__What is required__. When you return the data, keep every word exact and include none of the images.

__Supplied data__.
■ ■ ■ ■ ■

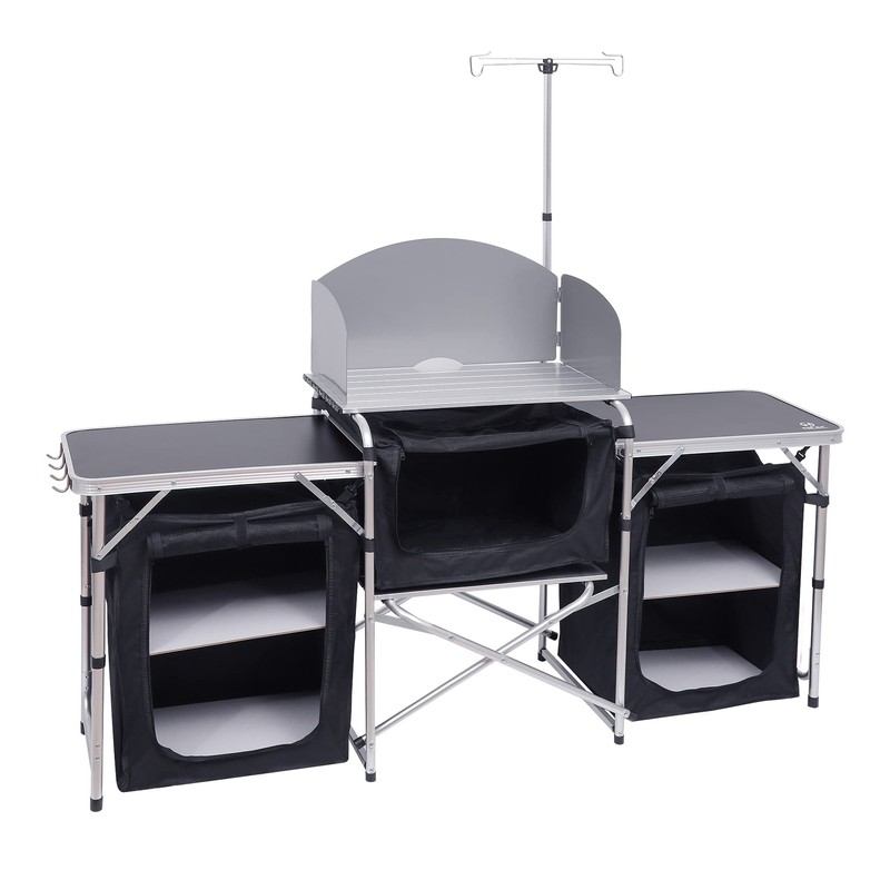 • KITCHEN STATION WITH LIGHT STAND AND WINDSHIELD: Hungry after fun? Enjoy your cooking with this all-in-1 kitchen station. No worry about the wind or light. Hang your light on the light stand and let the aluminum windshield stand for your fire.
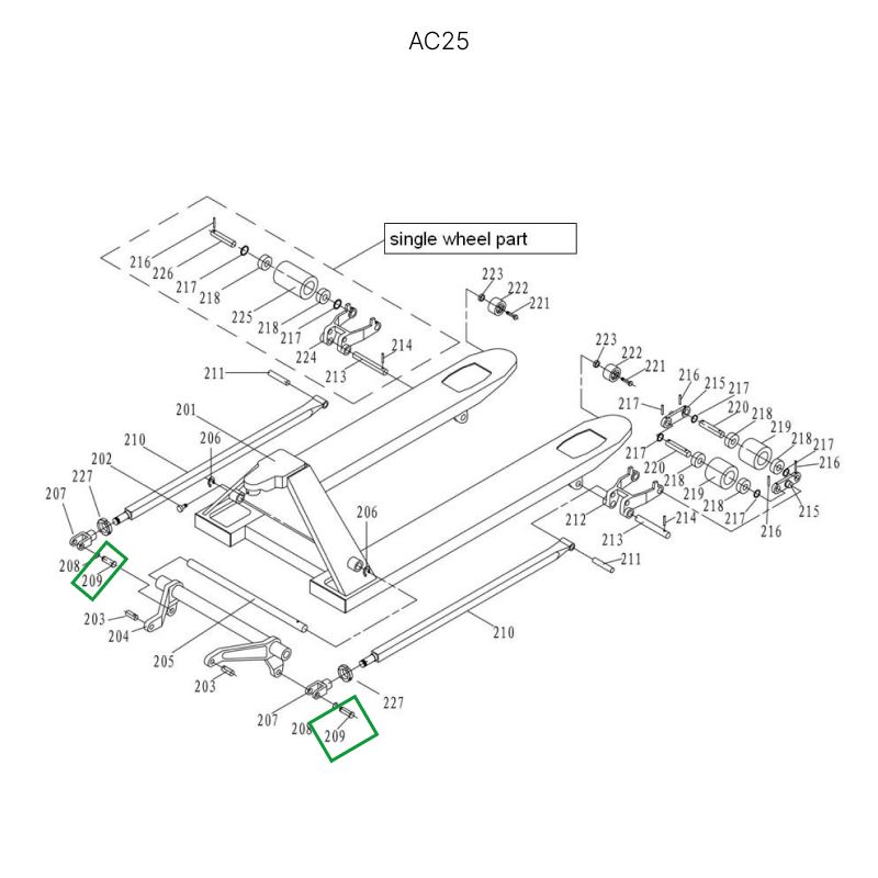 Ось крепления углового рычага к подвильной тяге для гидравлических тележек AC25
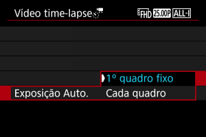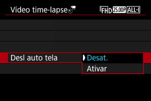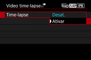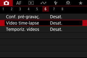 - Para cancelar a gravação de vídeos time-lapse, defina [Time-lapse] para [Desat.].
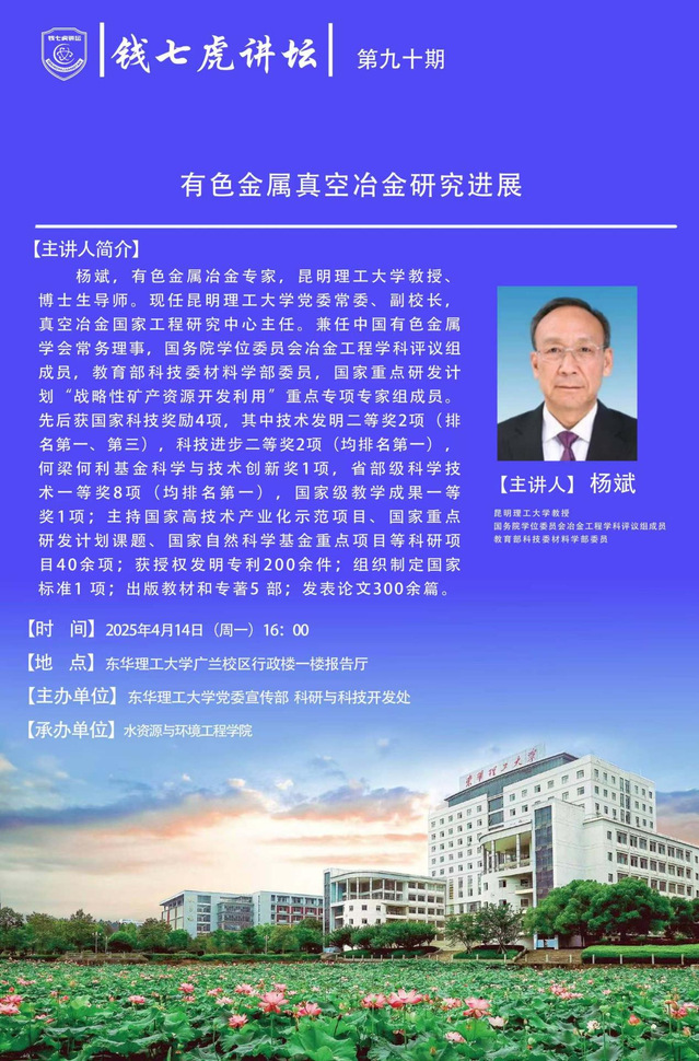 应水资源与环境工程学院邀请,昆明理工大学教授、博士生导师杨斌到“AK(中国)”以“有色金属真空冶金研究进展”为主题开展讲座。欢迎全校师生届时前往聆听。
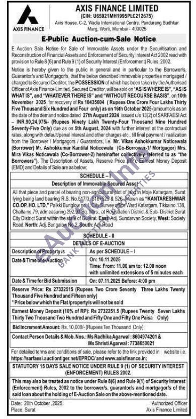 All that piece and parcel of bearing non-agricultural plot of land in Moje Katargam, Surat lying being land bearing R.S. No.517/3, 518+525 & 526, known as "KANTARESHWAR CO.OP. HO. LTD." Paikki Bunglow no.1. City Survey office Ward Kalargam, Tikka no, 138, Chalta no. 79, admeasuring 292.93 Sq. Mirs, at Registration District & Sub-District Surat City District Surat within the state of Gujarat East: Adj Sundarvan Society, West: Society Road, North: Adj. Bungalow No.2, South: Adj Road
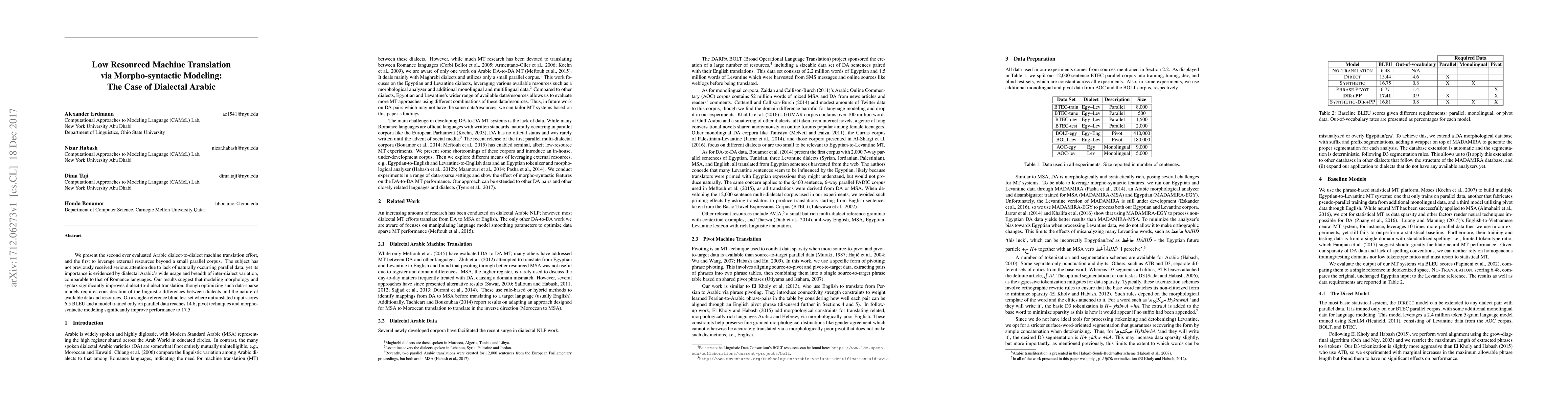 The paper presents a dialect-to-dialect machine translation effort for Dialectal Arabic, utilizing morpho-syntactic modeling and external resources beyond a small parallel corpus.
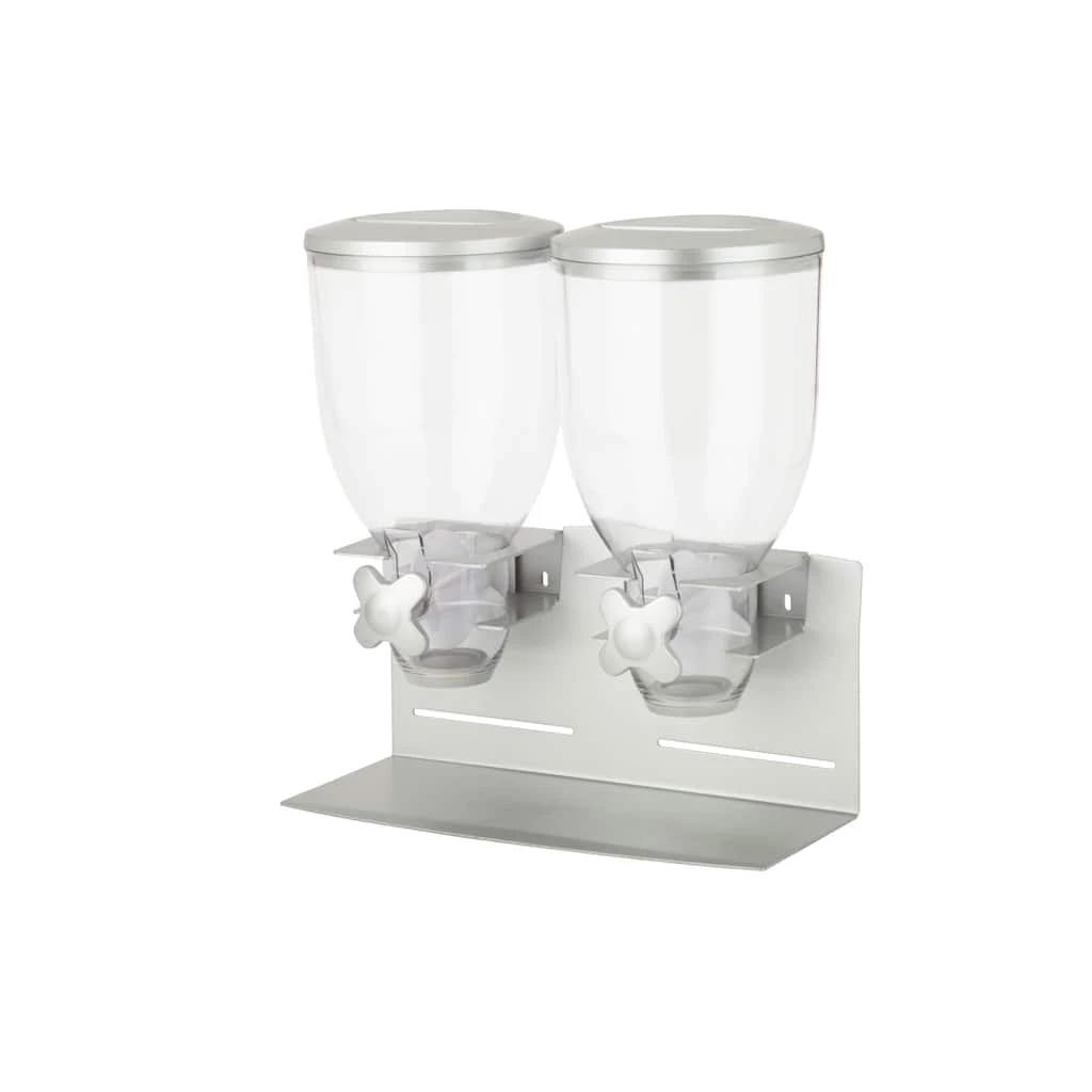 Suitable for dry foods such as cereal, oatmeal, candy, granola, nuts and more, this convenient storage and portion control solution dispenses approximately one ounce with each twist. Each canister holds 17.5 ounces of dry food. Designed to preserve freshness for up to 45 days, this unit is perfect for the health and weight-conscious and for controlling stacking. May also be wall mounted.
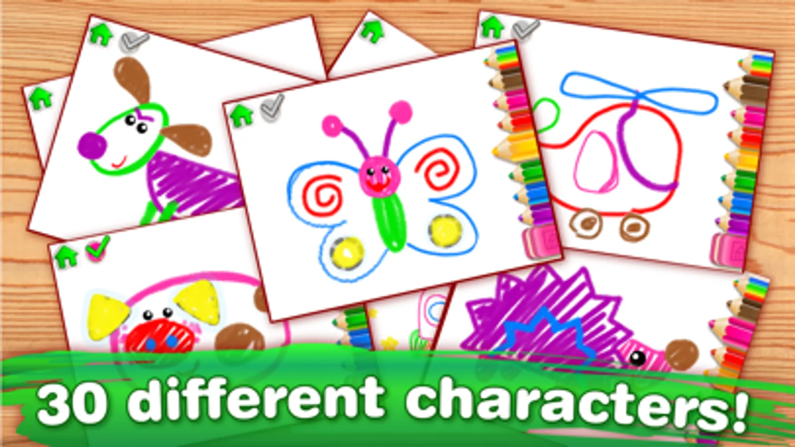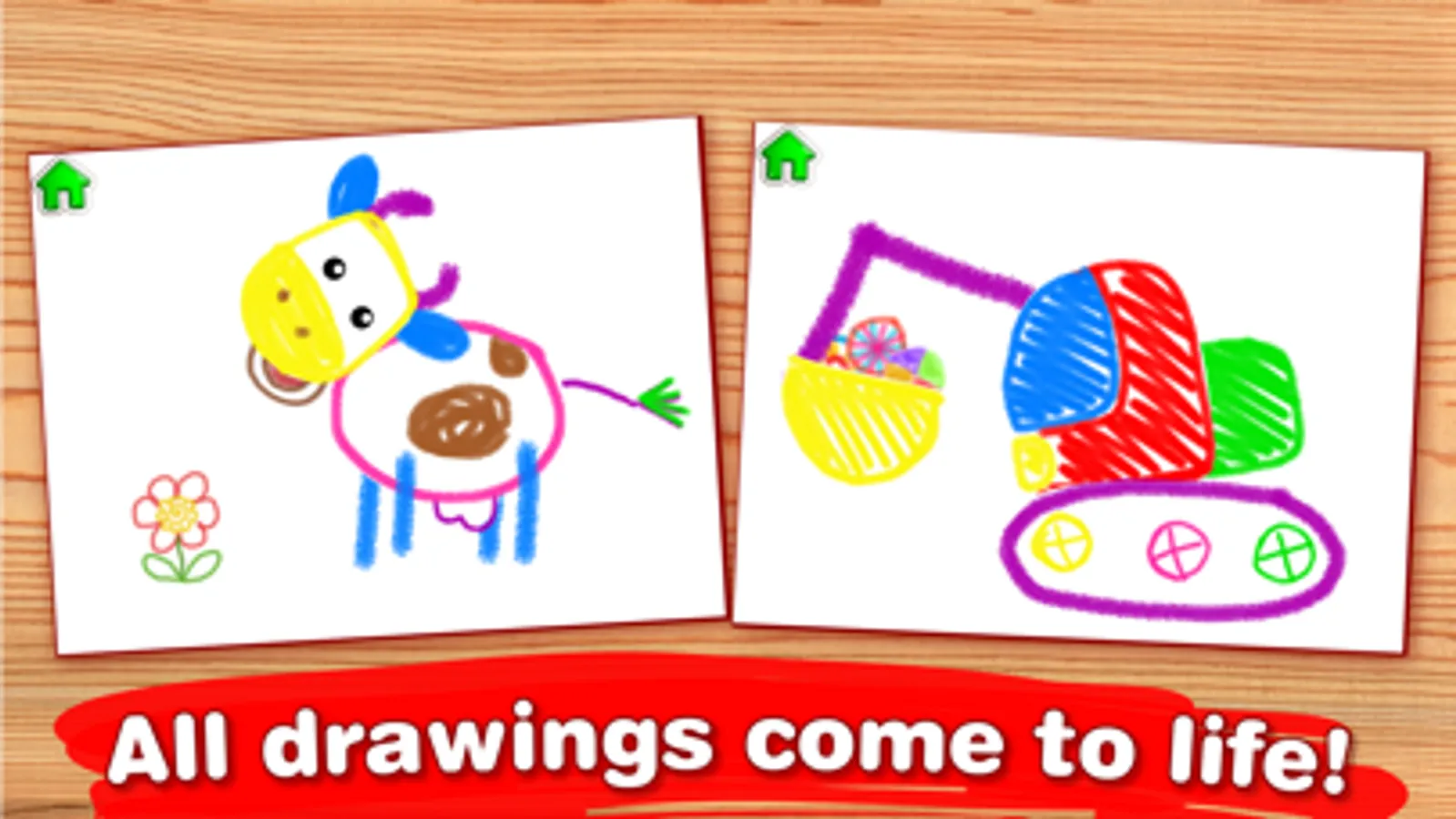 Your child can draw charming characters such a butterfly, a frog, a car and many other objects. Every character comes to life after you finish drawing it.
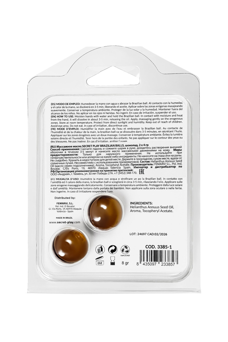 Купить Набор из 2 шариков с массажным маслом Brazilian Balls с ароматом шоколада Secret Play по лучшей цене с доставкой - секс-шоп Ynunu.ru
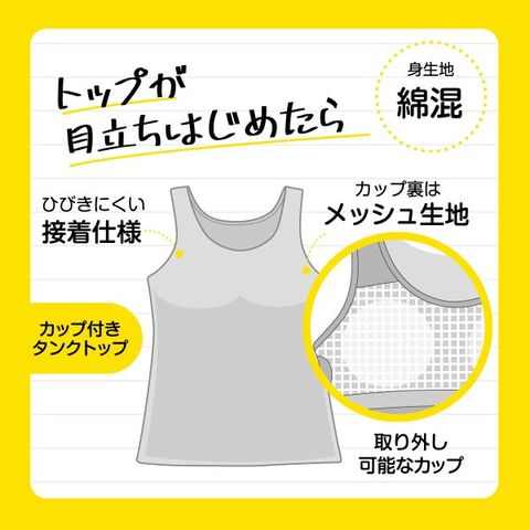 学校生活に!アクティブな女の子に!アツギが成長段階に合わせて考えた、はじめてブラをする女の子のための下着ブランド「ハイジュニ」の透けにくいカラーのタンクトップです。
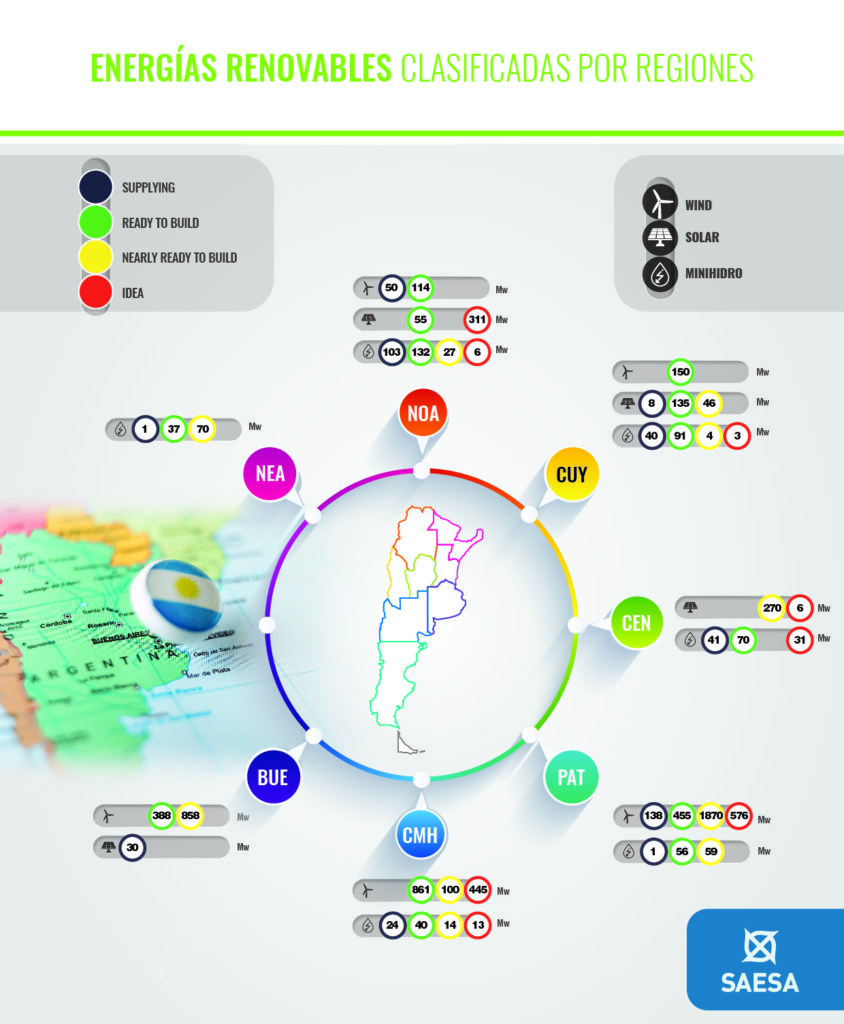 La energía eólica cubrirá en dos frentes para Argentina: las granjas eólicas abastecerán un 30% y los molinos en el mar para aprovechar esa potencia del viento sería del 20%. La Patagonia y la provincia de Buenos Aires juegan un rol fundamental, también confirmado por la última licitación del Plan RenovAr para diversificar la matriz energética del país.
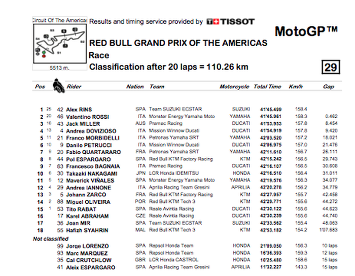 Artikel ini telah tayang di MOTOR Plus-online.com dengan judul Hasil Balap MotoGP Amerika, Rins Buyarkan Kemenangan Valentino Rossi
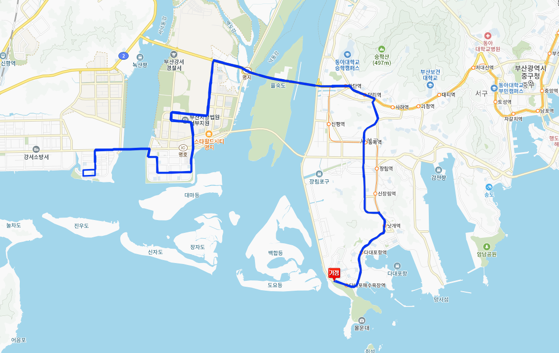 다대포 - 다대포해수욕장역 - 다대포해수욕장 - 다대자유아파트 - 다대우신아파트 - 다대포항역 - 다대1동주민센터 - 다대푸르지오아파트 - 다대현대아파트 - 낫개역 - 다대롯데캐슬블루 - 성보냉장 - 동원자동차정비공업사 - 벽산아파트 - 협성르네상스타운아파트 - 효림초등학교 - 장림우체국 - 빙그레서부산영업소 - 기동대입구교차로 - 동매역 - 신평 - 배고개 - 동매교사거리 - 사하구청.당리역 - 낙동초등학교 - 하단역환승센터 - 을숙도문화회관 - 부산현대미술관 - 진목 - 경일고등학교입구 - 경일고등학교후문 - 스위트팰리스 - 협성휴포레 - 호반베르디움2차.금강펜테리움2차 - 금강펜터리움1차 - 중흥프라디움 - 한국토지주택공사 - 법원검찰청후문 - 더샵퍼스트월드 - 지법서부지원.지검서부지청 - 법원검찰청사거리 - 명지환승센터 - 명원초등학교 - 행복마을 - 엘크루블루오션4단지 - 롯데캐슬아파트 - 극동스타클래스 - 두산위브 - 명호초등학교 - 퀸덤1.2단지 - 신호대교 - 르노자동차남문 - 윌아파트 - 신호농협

■ ■ ■ ■ ■

__Reply__.
 • KITCHEN STATION WITH LIGHT STAND AND WINDSHIELD: Hungry after fun? Enjoy your cooking with this all-in-1 kitchen station. No worry about the wind or light. Hang your light on the light stand and let the aluminum windshield stand for your fire.
 Ось крепления углового рычага к подвильной тяге для гидравлических тележек AC25
 - Para cancelar a gravação de vídeos time-lapse, defina [Time-lapse] para [Desat.].
 应水资源与环境工程学院邀请,昆明理工大学教授、博士生导师杨斌到“AK(中国)”以“有色金属真空冶金研究进展”为主题开展讲座。欢迎全校师生届时前往聆听。
 All that piece and parcel of bearing non-agricultural plot of land in Moje Katargam, Surat lying being land bearing R.S. No.517/3, 518+525 & 526, known as "KANTARESHWAR CO.OP. HO. LTD." Paikki Bunglow no.1. City Survey office Ward Kalargam, Tikka no, 138, Chalta no. 79, admeasuring 292.93 Sq. Mirs, at Registration District & Sub-District Surat City District Surat within the state of Gujarat East: Adj Sundarvan Society, West: Society Road, North: Adj. Bungalow No.2, South: Adj Road
 The paper presents a dialect-to-dialect machine translation effort for Dialectal Arabic, utilizing morpho-syntactic modeling and external resources beyond a small parallel corpus.
 Suitable for dry foods such as cereal, oatmeal, candy, granola, nuts and more, this convenient storage and portion control solution dispenses approximately one ounce with each twist. Each canister holds 17.5 ounces of dry food. Designed to preserve freshness for up to 45 days, this unit is perfect for the health and weight-conscious and for controlling stacking. May also be wall mounted.
 Your child can draw charming characters such a butterfly, a frog, a car and many other objects. Every character comes to life after you finish drawing it.
 Купить Набор из 2 шариков с массажным маслом Brazilian Balls с ароматом шоколада Secret Play по лучшей цене с доставкой - секс-шоп Ynunu.ru
 学校生活に!アクティブな女の子に!アツギが成長段階に合わせて考えた、はじめてブラをする女の子のための下着ブランド「ハイジュニ」の透けにくいカラーのタンクトップです。
 La energía eólica cubrirá en dos frentes para Argentina: las granjas eólicas abastecerán un 30% y los molinos en el mar para aprovechar esa potencia del viento sería del 20%. La Patagonia y la provincia de Buenos Aires juegan un rol fundamental, también confirmado por la última licitación del Plan RenovAr para diversificar la matriz energética del país.
 Artikel ini telah tayang di MOTOR Plus-online.com dengan judul Hasil Balap MotoGP Amerika, Rins Buyarkan Kemenangan Valentino Rossi
 다대포 - 다대포해수욕장역 - 다대포해수욕장 - 다대자유아파트 - 다대우신아파트 - 다대포항역 - 다대1동주민센터 - 다대푸르지오아파트 - 다대현대아파트 - 낫개역 - 다대롯데캐슬블루 - 성보냉장 - 동원자동차정비공업사 - 벽산아파트 - 협성르네상스타운아파트 - 효림초등학교 - 장림우체국 - 빙그레서부산영업소 - 기동대입구교차로 - 동매역 - 신평 - 배고개 - 동매교사거리 - 사하구청.당리역 - 낙동초등학교 - 하단역환승센터 - 을숙도문화회관 - 부산현대미술관 - 진목 - 경일고등학교입구 - 경일고등학교후문 - 스위트팰리스 - 협성휴포레 - 호반베르디움2차.금강펜테리움2차 - 금강펜터리움1차 - 중흥프라디움 - 한국토지주택공사 - 법원검찰청후문 - 더샵퍼스트월드 - 지법서부지원.지검서부지청 - 법원검찰청사거리 - 명지환승센터 - 명원초등학교 - 행복마을 - 엘크루블루오션4단지 - 롯데캐슬아파트 - 극동스타클래스 - 두산위브 - 명호초등학교 - 퀸덤1.2단지 - 신호대교 - 르노자동차남문 - 윌아파트 - 신호농협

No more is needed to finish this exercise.